From the ethnographic description of the Oboyan district of the Kursk province, it followed that during the winter fasts, local peasants ate sauerkraut with kvass, onions, and pickles with potatoes. Shchi was cooked from sour cabbage and pickled beetroot. Breakfast was usually kulesh or dumplings made from buckwheat dough. Fish was consumed on the days allowed by the church charter. In fast days, cabbage soup with meat, cottage cheese with milk appeared on the table. Wealthy peasants on holidays could afford okroshka with meat and eggs, milk porridge or noodles, wheat pancakes and pastry shortcakes. The abundance of the festive table was directly dependent on the wealth of the owners.

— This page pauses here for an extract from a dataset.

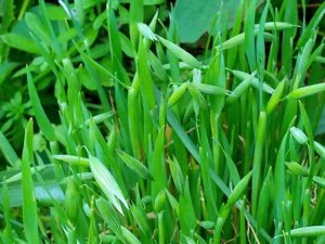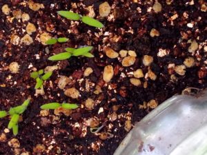 左: 高菜も花を上げようとしています。中: ミニトマトが発芽しました。右: 猫草(燕麦)が花をあげて来ました。

The diet of the Voronezh peasants differed little from the nutrition of the rural population of the neighboring black earth provinces. Mostly lean food was consumed daily. It included rye bread, salt, cabbage soup, porridge, peas and also vegetables: radish, cucumbers, potatoes. Skoromny food consisted of cabbage soup with lard, milk and eggs. On holidays in the Voronezh villages, they ate corned beef, ham, chickens, geese, oatmeal jelly, and sieve cake.

The everyday drink of the peasants was water, in the summer they prepared kvass. At the end of the XIX century. in the villages of the chernozem region, tea drinking was not widespread, if tea was consumed, then during illness, brewing it in a clay pot in an oven. But already at the beginning of the twentieth century. from the village reported that “the peasants fell in love with tea, which they drink on holidays and after dinner. The more affluent began to purchase samovars and tea utensils. For intelligent guests, they put forks for dinner, they themselves eat the meat with their hands. The level of everyday culture of the rural population was directly dependent on the degree of social development of the village.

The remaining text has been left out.